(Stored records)
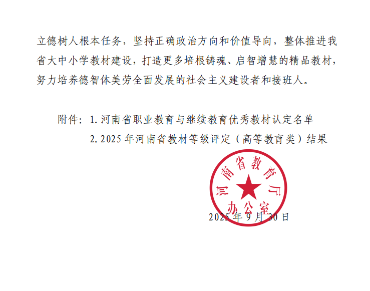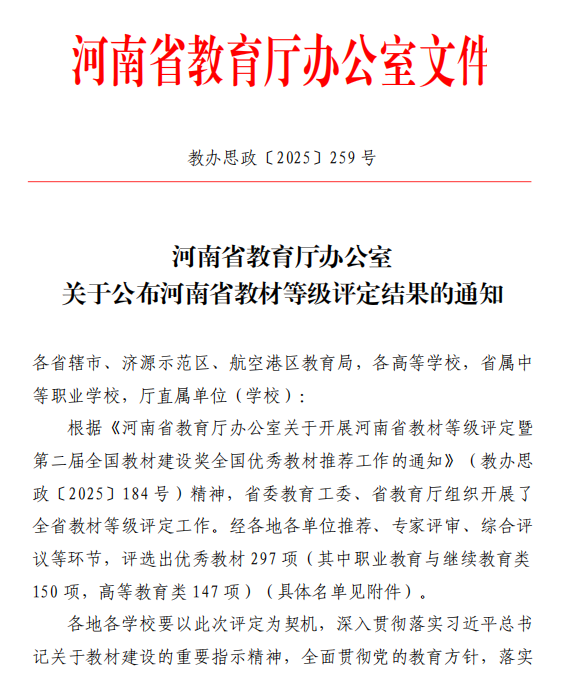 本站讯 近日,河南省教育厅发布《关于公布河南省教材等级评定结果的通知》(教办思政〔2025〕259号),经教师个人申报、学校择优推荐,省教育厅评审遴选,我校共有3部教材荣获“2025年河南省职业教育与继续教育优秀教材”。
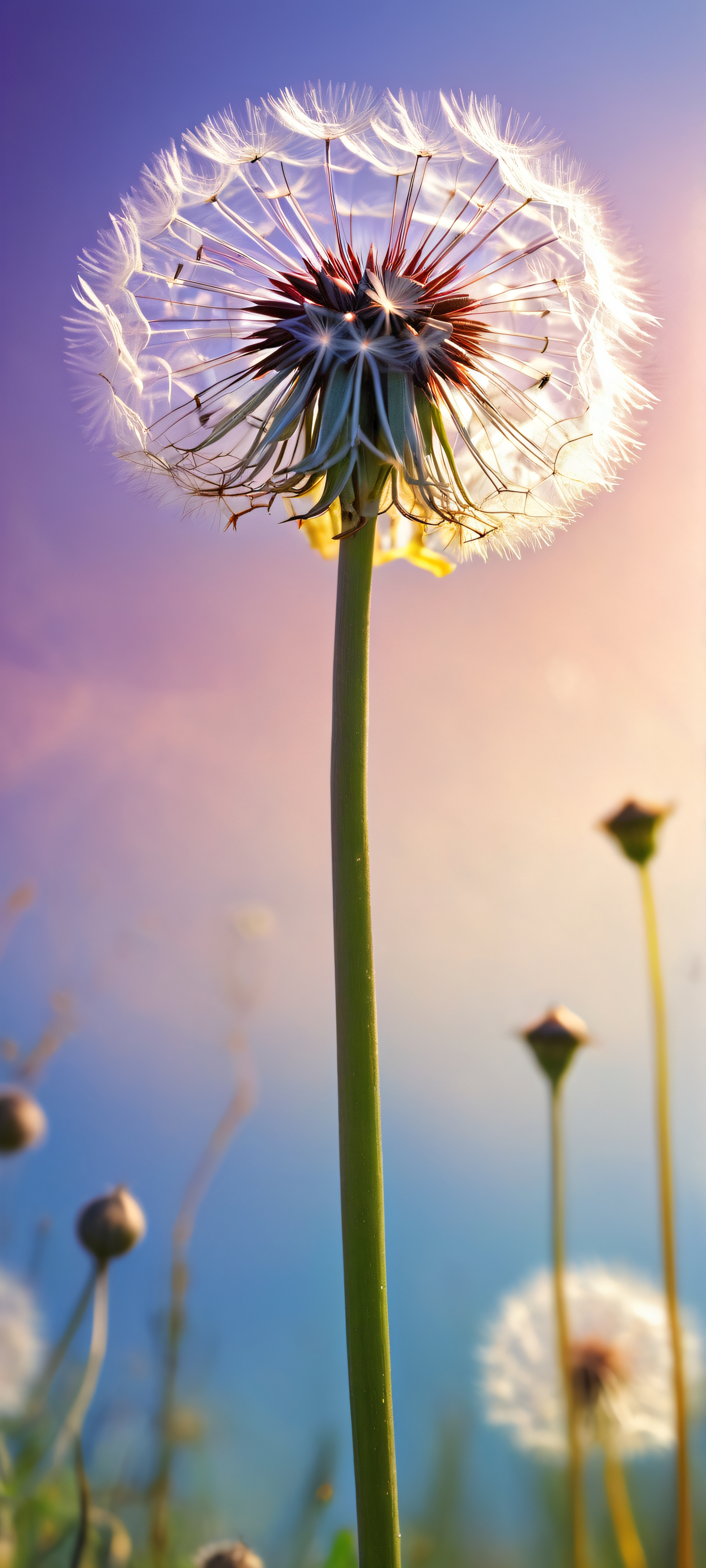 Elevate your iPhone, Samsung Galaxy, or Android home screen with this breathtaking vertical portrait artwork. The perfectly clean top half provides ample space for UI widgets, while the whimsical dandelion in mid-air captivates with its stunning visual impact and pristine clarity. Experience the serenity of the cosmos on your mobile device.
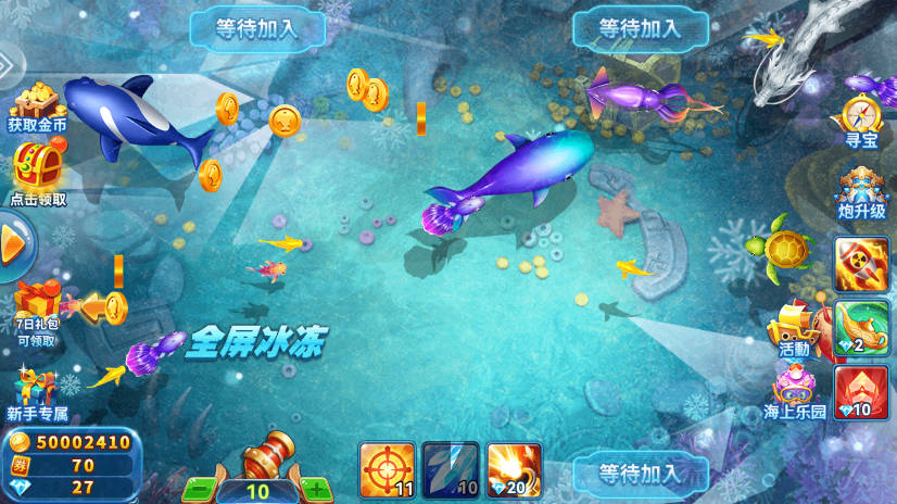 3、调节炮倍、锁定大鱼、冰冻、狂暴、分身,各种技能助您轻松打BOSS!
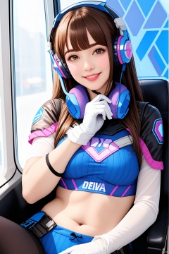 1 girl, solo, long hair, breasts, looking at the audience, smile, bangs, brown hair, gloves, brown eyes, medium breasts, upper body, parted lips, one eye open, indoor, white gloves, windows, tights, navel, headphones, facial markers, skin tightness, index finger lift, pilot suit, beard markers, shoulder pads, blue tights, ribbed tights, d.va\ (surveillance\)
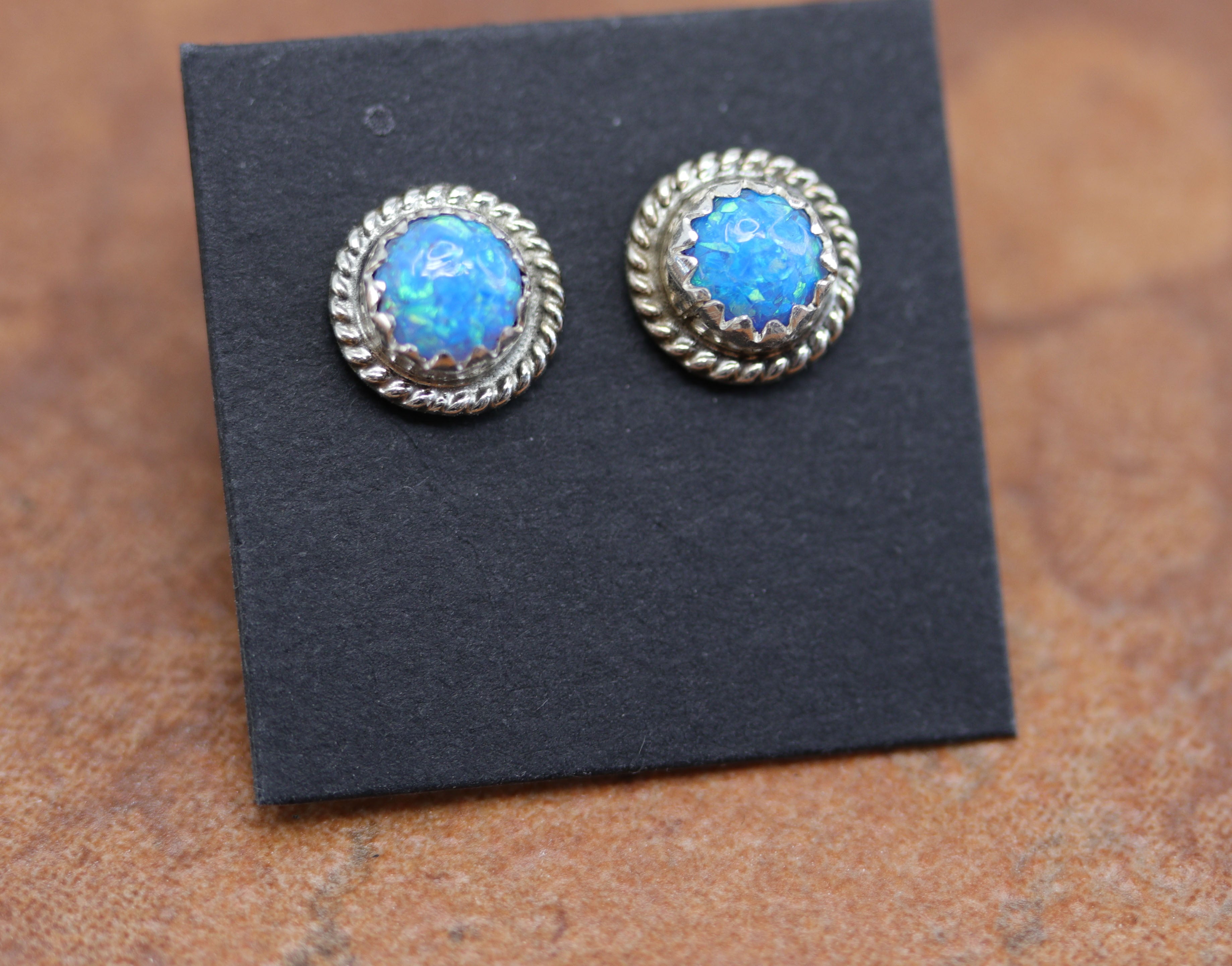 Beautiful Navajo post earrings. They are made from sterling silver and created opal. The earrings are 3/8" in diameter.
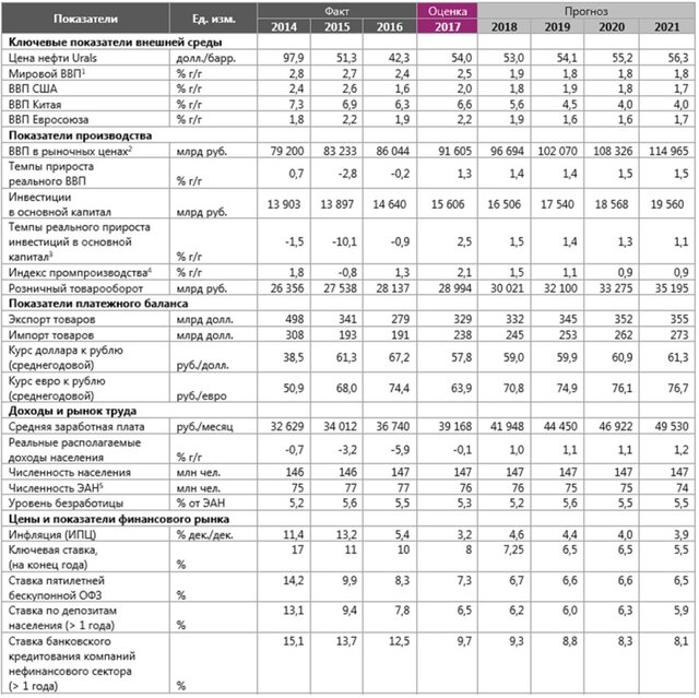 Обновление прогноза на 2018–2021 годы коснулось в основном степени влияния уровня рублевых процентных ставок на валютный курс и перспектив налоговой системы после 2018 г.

*Task description:*
For this exercise, write out exactly the lines from the one with "Elevate your iPhone, Samsung" through the last line of the records, inclusive, and leave each picture out.

*Solution below:*
 Elevate your iPhone, Samsung Galaxy, or Android home screen with this breathtaking vertical portrait artwork. The perfectly clean top half provides ample space for UI widgets, while the whimsical dandelion in mid-air captivates with its stunning visual impact and pristine clarity. Experience the serenity of the cosmos on your mobile device.
 3、调节炮倍、锁定大鱼、冰冻、狂暴、分身,各种技能助您轻松打BOSS!
 1 girl, solo, long hair, breasts, looking at the audience, smile, bangs, brown hair, gloves, brown eyes, medium breasts, upper body, parted lips, one eye open, indoor, white gloves, windows, tights, navel, headphones, facial markers, skin tightness, index finger lift, pilot suit, beard markers, shoulder pads, blue tights, ribbed tights, d.va\ (surveillance\)
 Beautiful Navajo post earrings. They are made from sterling silver and created opal. The earrings are 3/8" in diameter.
 Обновление прогноза на 2018–2021 годы коснулось в основном степени влияния уровня рублевых процентных ставок на валютный курс и перспектив налоговой системы после 2018 г.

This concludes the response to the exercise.